First of all thank you to all who fished. Its nice to see some great reports on here. When you have a tournament you always hope that everyone walks away happy and with some great fish stories and memories of a great weekend. Also a big Thank you to those who were not able to fish but came down to cheer on these guys when they weighed their fish. For those who were there you can atest to the LARGE gathering that showed up both Friday Night and a huge crowd on Saturday. I heard from many of the anglers and captains who said how cool it was to walk up the walk way with so many people there awing over their catch. Our tournament chairman Perry Palmer did an outstanding job putting this thing on. Also Thank you to all the members of PBGFC who helped out as well. Keep in mind we are a volunteer organization so alot of time and hard work goes into these tournaments.

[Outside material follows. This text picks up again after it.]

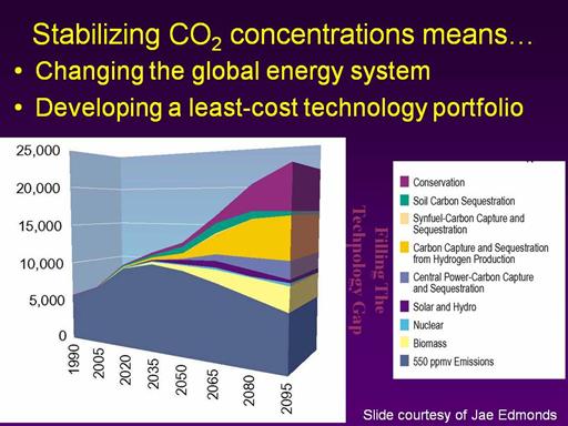 Stabilizing concentrations of greenhouse gases in the atmosphere requires fundamental change in the energy system. · Energy is central to the climate change issue. Carbon dioxide emissions from the production and consumption of fossil fuels are the largest contributor to human emissions of greenhouse gases. Fossil fuel resources are abundant, and, if used in conjunction with present energy technology, have the potential to increase the concentrations of greenhouse gases in the atmosphere substantially. [TW1] · If present trends continue, carbon dioxide emissions from energy will continue to grow. The influences of future population growth and economic development on the demand for energy services are likely to exceed currently projected improvements in energy intensity and the ongoing transition to less carbon-intensive fuels. However, trends are not destiny—a global technology strategy could help change the present course. · In order to stabilize concentrations of greenhouse gases in the atmosphere, global carbon emissions must peak during the 21st century and then decline indefinitely. This can occur only if lower carbon-emitting technologies are deployed worldwide.

We had 62 boats that fished. Our tournament payout was based on a 70 boat Min. but the PBGFC board of directors got together at the captains banquet and agreed to go FULL PAYOUT and Guarenteed all Tournament payouts. There was 1 Blue Marlin Brought to the dock. 492.6 aboard the CLICK THROUGH Capt. Matt Mauldwin, Angler Keith English and their crew were the Tournament Champions with total winnings over $51,000. There were 3 swordfish weighed, 39 tuna weighed, 36 wahoo weighed and 33 dolphin weighed. There were a 33 Billfish released 12 Blue marlin, 17 White marlin and 4 Sailfish. These are just the ones that were brought in to be verified. The Top Tag & Release Boat was Team SHAGGYS and the CHEESEBURGER with 2 Blues and a White released on 5o. Top C&R Angler was Ron Ladner aboard the CHEESEBURGER. The Top Small Boat/ Outboard went to SHADY LADY a 36 yellowfin on its first trip in the gulf in this boat.

As youve heard this was the year of the WAHOO. When these fish started coming in I was thinking to myself oh 77lbs that will stick, nope oh 81lbs that will stick. Well LUNA SEA and angler Sean Jones weighed in a whopping 97.2lbs to take the wahoo division. Followed by 88.2 Angelo Depaola on the BREATHE REEL DEEP and 82.2 by Henry Dew on the MY TURN.

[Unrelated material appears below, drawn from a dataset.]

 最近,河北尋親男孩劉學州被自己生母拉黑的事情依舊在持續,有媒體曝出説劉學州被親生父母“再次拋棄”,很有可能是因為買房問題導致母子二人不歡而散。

The DOLPHIN division produced some stud fish as well. Chris Jacobi aboard LITE CATCH won it with a 48.6lbs followed by a 41.2 Andy Heitman on the MISS MICKEY and third was 40.4 by Lea Lazor on the HOOK N UP.

The Tuna was won by MAIN EVENT 156.2 Morgan Garner, second Josh Jones FIRST CHOICE 146.8 and third 102.2 on the SEA YA and Rick Silhavy.

Three Swords were weighed. Our tournament has a 60inch min. to be weighed. Darwin Ellison on the GET REEL won it with a 128.2, second was Andrew Tidwell 106.2 on the TOTAL PACKAGE and Capt. Alex Pinney took third with 83.2 aboard the REEL WORTHLESS. The complete results are on the website at www.pbgfc.com I will post cash awards winnings soon.

I will also post some awesome pics from the weighins and the Fireworks show going on as the boats were coming in. check out the FACEBOOK page as well to some. It was great meeting alot of you on this forum. Next up is the Ladies July 21-23 i will posting details soon. Thank you again for supporting the PBGFC by fishing our tournaments. It was a fun time for sure and plans have already started for next years tourney. See you all soon and Good Luck and Tight Lines.


----------



## bully48 (Aug 2, 2008)

here is a couple of the photos more to come


----------



## Bow Down (Jun 8, 2011)

Kevin thanks for a fun tourney, now hurry up and get those pics up.....:whistling:


----------



## Xiphius (Oct 10, 2007)

great tournament, big fish,nice distribution of cash! Good job to the PBGFC!


----------